While EDA vendors may like to think that their customers use their flows exclusively, the reality is, customers choose the solutions that they feel are ideally suited for their designs. Often, this means they’ve got a mix of solutions from multiple EDA vendors, IP providers, and foundries in their flow. As chip designers move their work to the cloud, they don’t want to get locked into a pre-defined tool flow. Instead, they want to enable the same flows they have implemented and perfected over time—which may consist of an array of different chip design and verification solutions and IP from different vendors—in their cloud environment. These dynamics are pushing the players in the EDA ecosystem to collaborate more closely than ever, in the interest of optimizing the customer experience. For example, 草榴社区 recently launched the 草榴社区 Cloud OpenLink program, the industry’s first multi-vendor environment of EDA, IP, and foundry providers on the 草榴社区 Cloud platform. Through the OpenLink program, customers can securely and seamlessly access a diverse set of design tools and IP in the cloud. Ecosystem providers participating in the program work out time-consuming legal and technical interoperability details with 草榴社区 in advance, simplifying the interoperability-related details for the customer and also enabling customers to get their design projects underway faster. The OpenLink program is an example of the increased ecosystem interoperability that will only grow in demand in 2024 and beyond.
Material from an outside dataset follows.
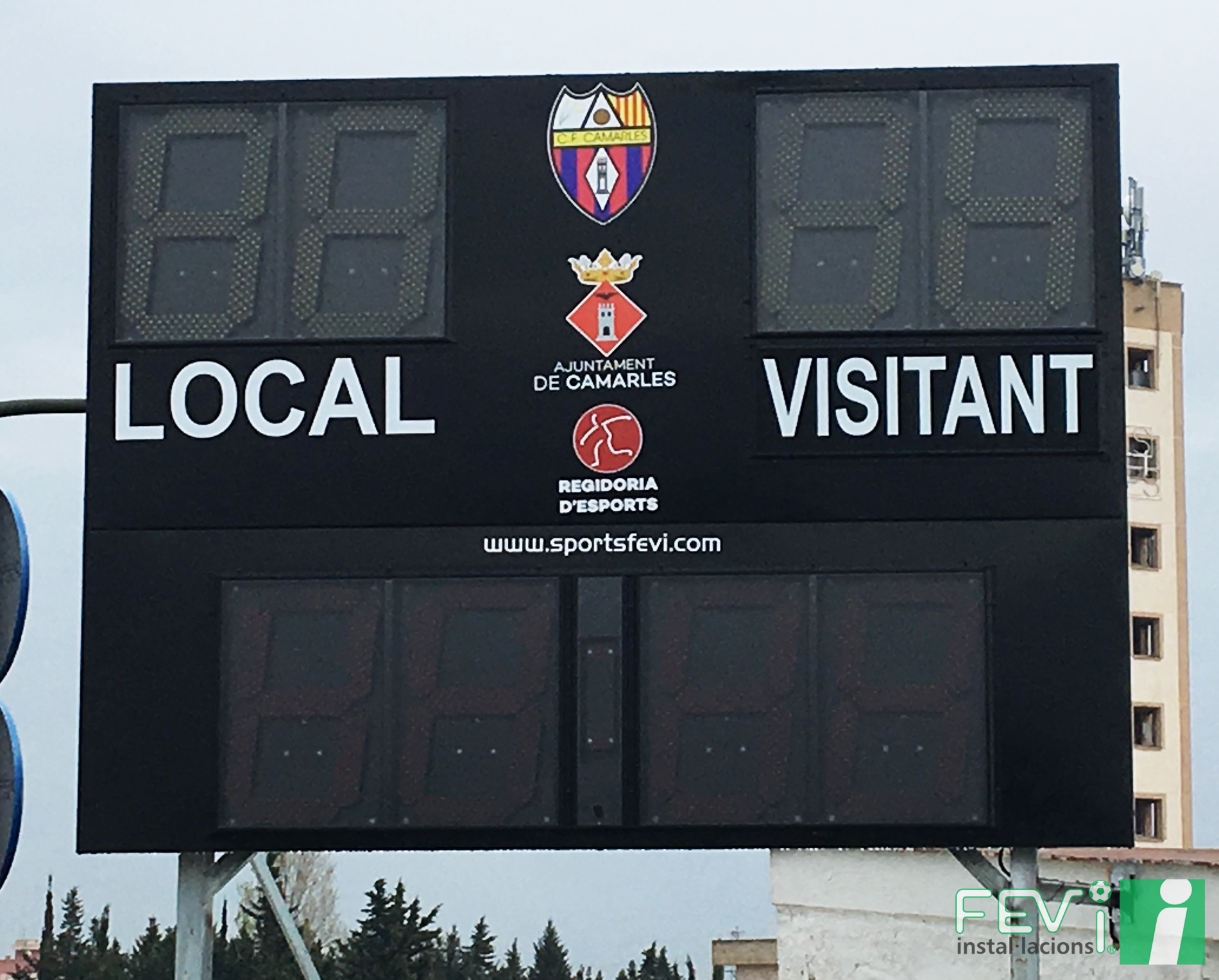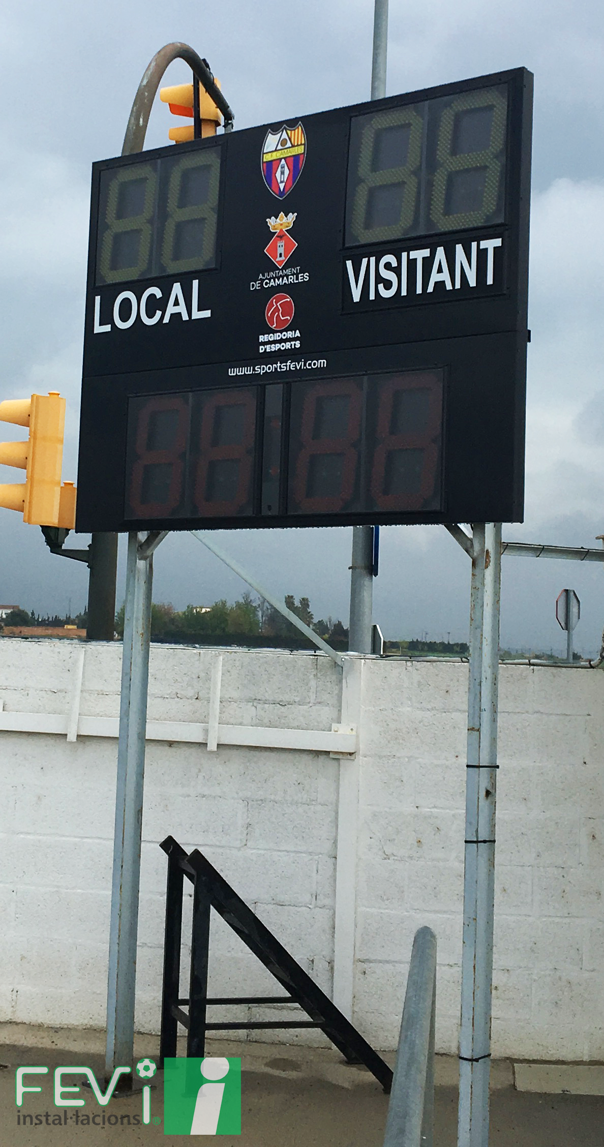 Éste es el nuevo marcador suministrado para el campo de fútbol de Camarles (Tarragona), con caja metálica imprimada en negro mate especial para exterior y dígitos led rojo/ambar de 45 cm visibles a 180 metros. El control se realiza por radiofrecuencia desde consola remota informando de tiempo y tanteo. Se personalizó con los logotipos de club y entidades deportivas locales.

As the cloud becomes increasingly integral to the semiconductor industry, the key players will continue seeking ways to optimize its implementation in all the ways that will help drive business success. From the use of AI to design and verify AI chips to the deployment of spot virtual machines for cost savings and increased ecosystem collaboration to drive seamless interoperability on the cloud, the future is shaping up to be a bright one. Bottom line, anything that can help make it a little easier to develop today’s complex chips holds promise for the innovation that this industry needs to thrive.